On all IMAC flying sites the term "SCALE AEROBATICS" is used to describe the discipline. This distinguishes it from "Pattern flying" which refers to itself as "precision aerobatics" and has its own set of rules.

In Australia the highest representative organization of aeromodellers is the MAAA. It is a federation of state associations and individuals are represented statewide by their own local club. In any club there are members with a variety of interests - jets, gliders, helicopters etc. Each of these is recognised as a "discipline" called an NSIG - National Special Interest Group. Scale Aerobatics is one such special interest group.

The MAAA is a member of the world-wide sport aviation organisation - the FAI (). The FAI has individual commissions that represent each type of flying. For aeromodelling this is the FAI Aeromodelling Commission (CIAM).
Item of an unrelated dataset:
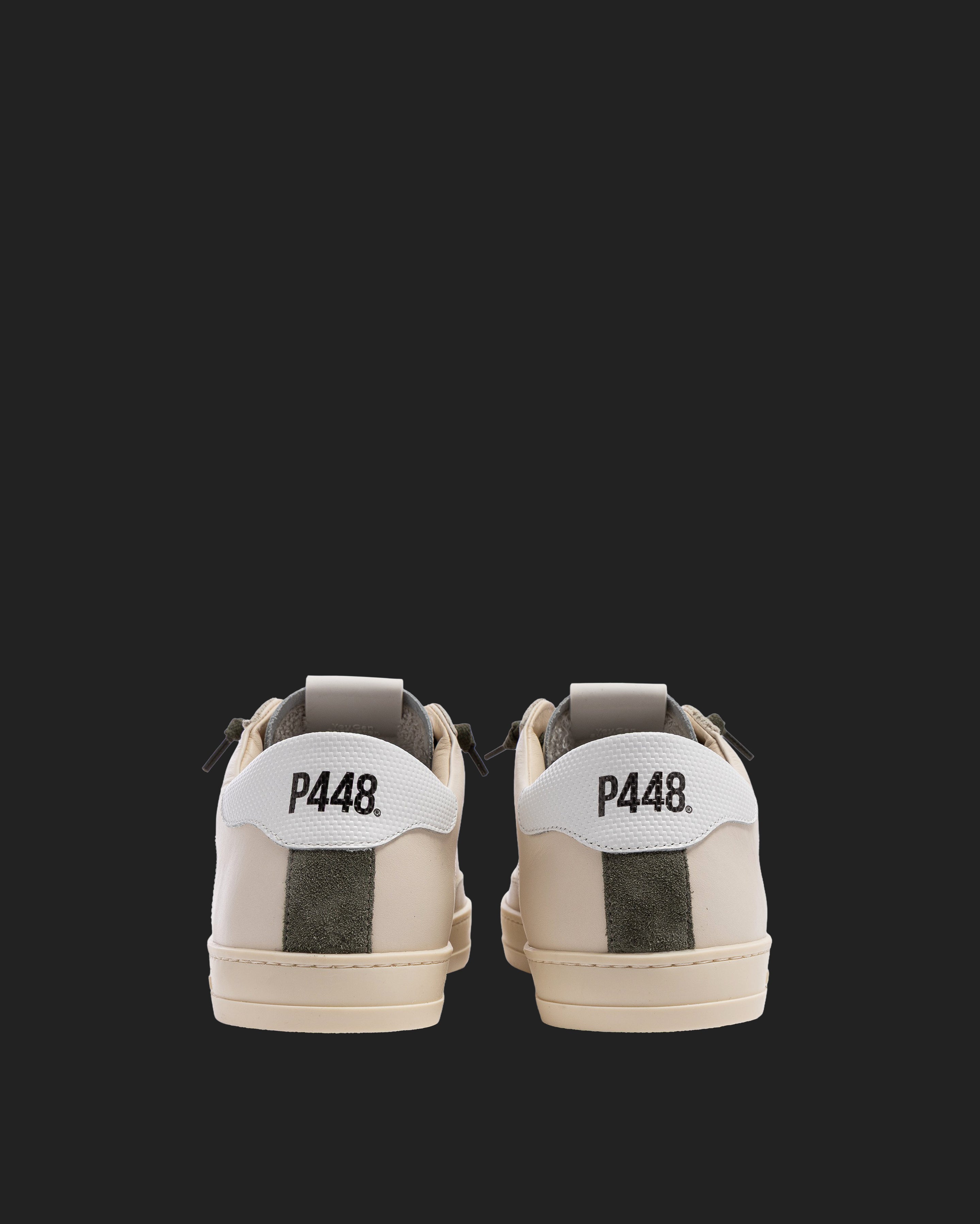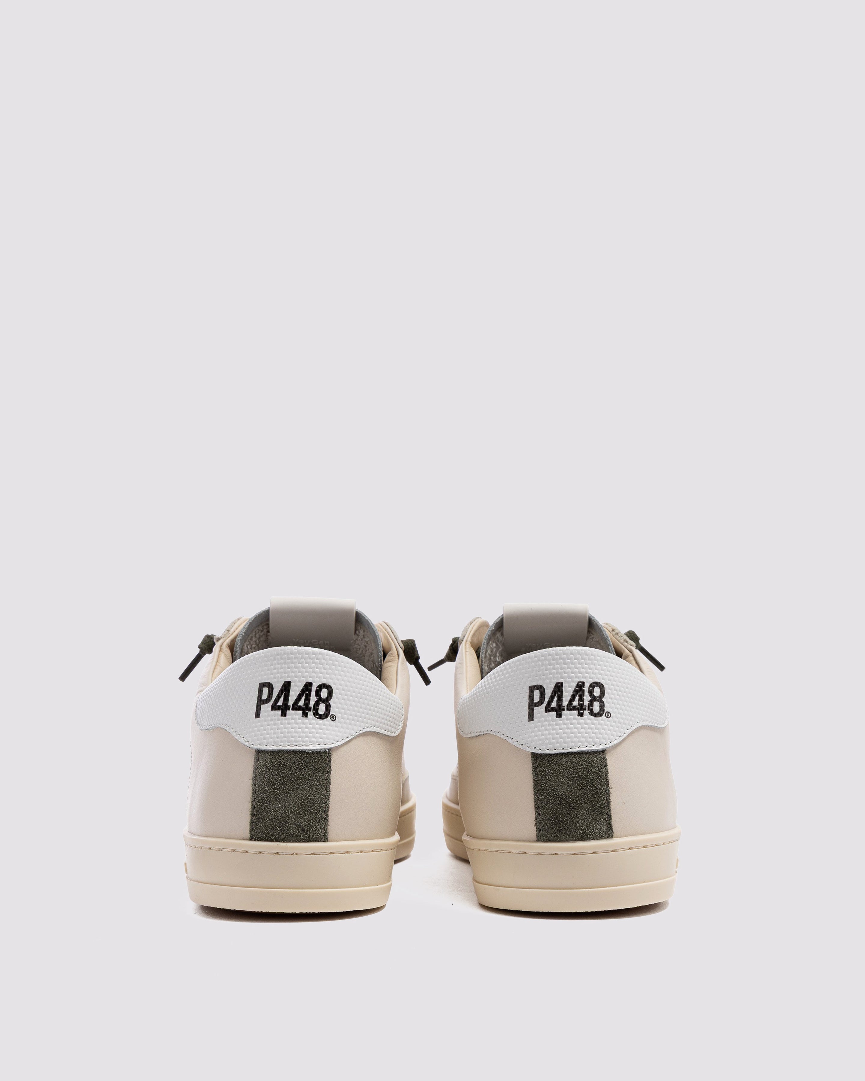 The John Block Cream is wrapped in beige and white leather accented by green cotton laces. Our signature P448 rubber sole and gum tread finish off the look. Swap in the extra pair of neutral laces to keep it simple.

Aeromodeling subdisciplines are represented by a shorthand code - F3A for pattern flying, F3F for gliders and F3M for Scale Aerobatics/Large Scale Aerobatics amongst others. The IMAC scale aerobatics judging criteria  have been adopted from the USA into F3M regulations. The competition procedures and details of routines are different to accommodate the FAI framework.
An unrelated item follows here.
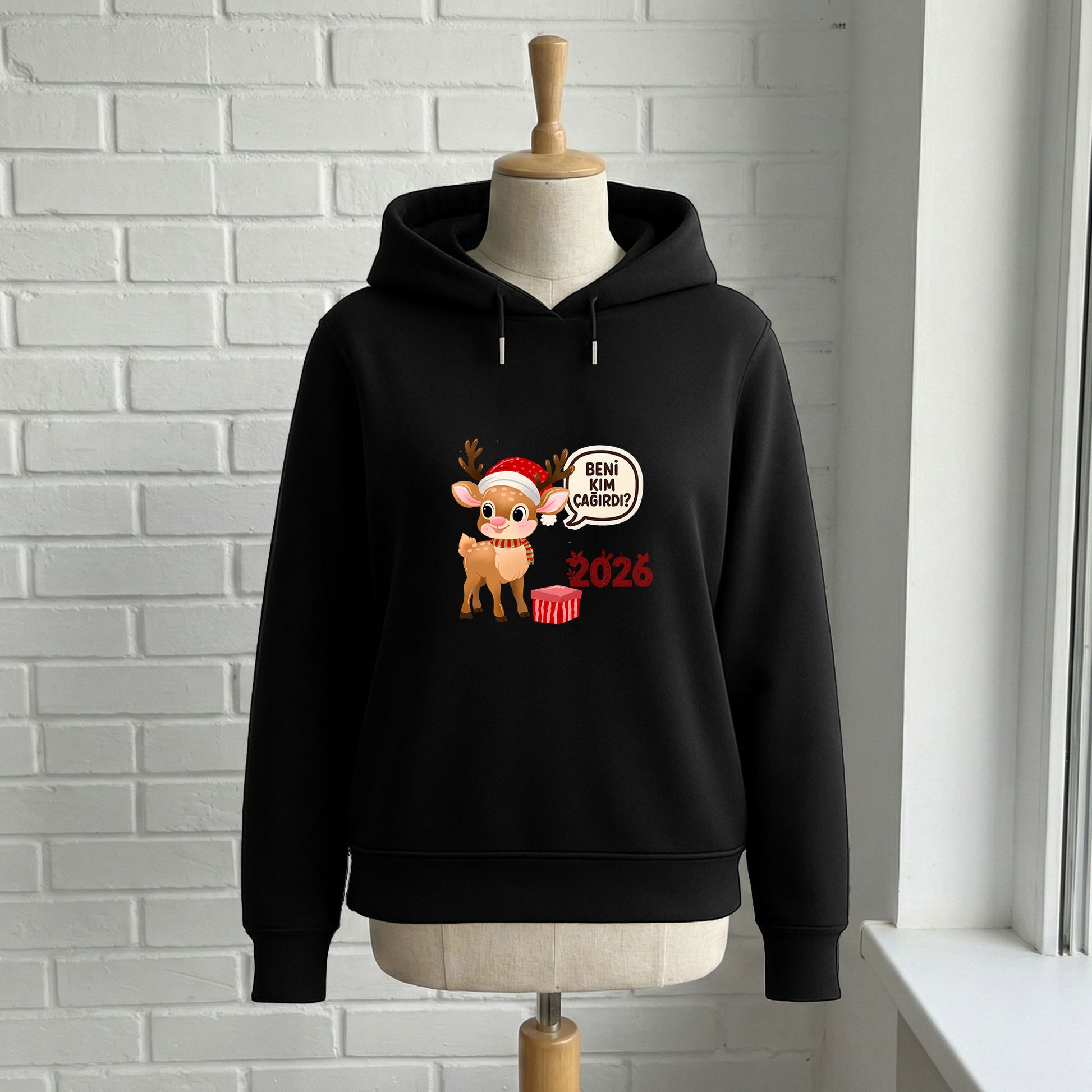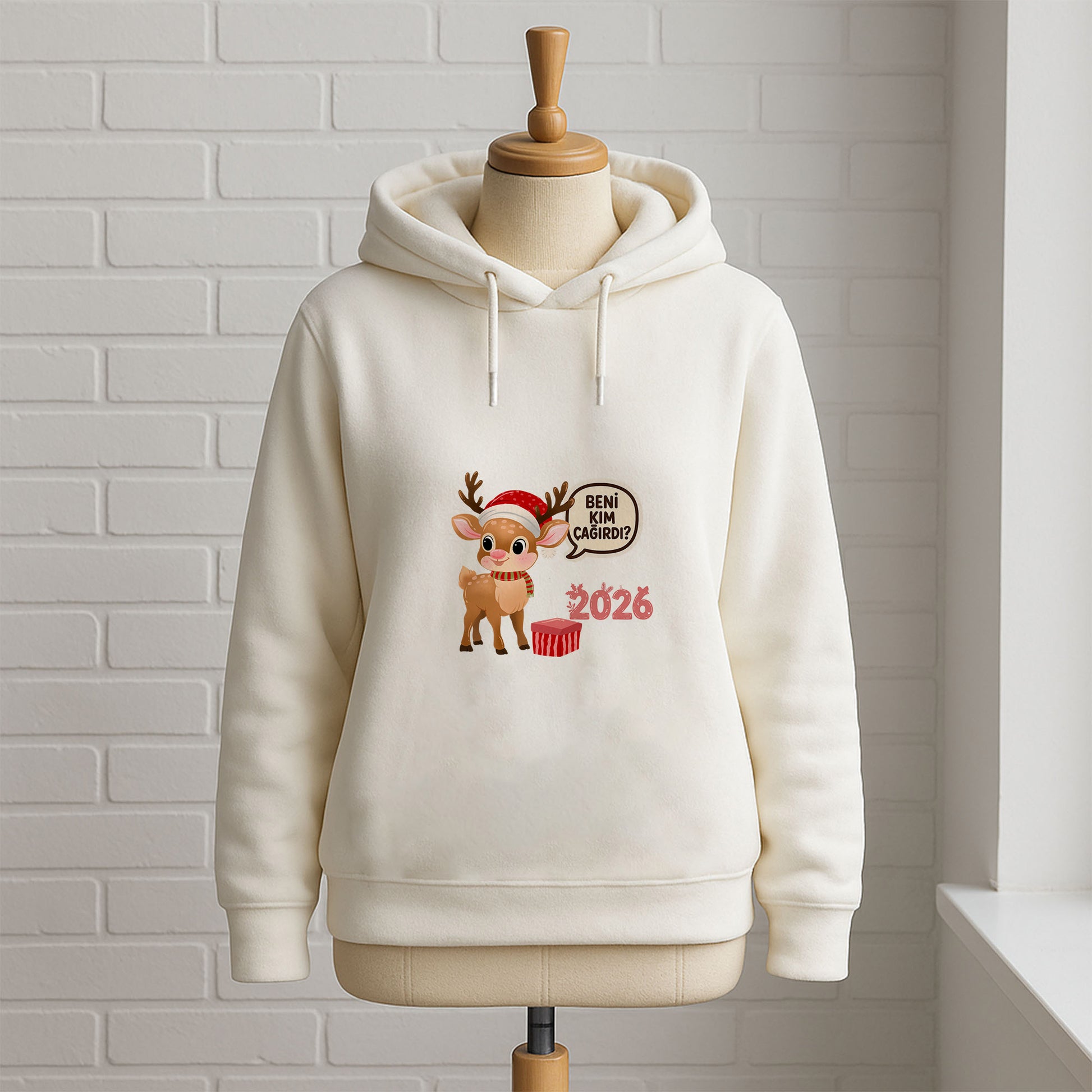 “Beni Kim Çağırdı?” yazılı, sevimli geyik figürlü, 2026 yılbaşı temalı eğlenceli sweatshirt.

The FAI holds the World Air Games regularly and this could involve aeromodelling. Drone racing is recognised by the FAI. The secretary of the MAAA Kevin Dodd is secretary of this organisation. So Australia is well placed within FAI to advance aeromodelling.

There are discussions on bulletin boards about the differences between IMAC and F3M as well as how the world can be united in a single discipline of scale aerobatics. The IMAC (USA) is to hold the second World IMAC event in 2018 to be held in Muncie Illinois.

Monday, 03 April 2017 13:25

Where do I start flying IMAC?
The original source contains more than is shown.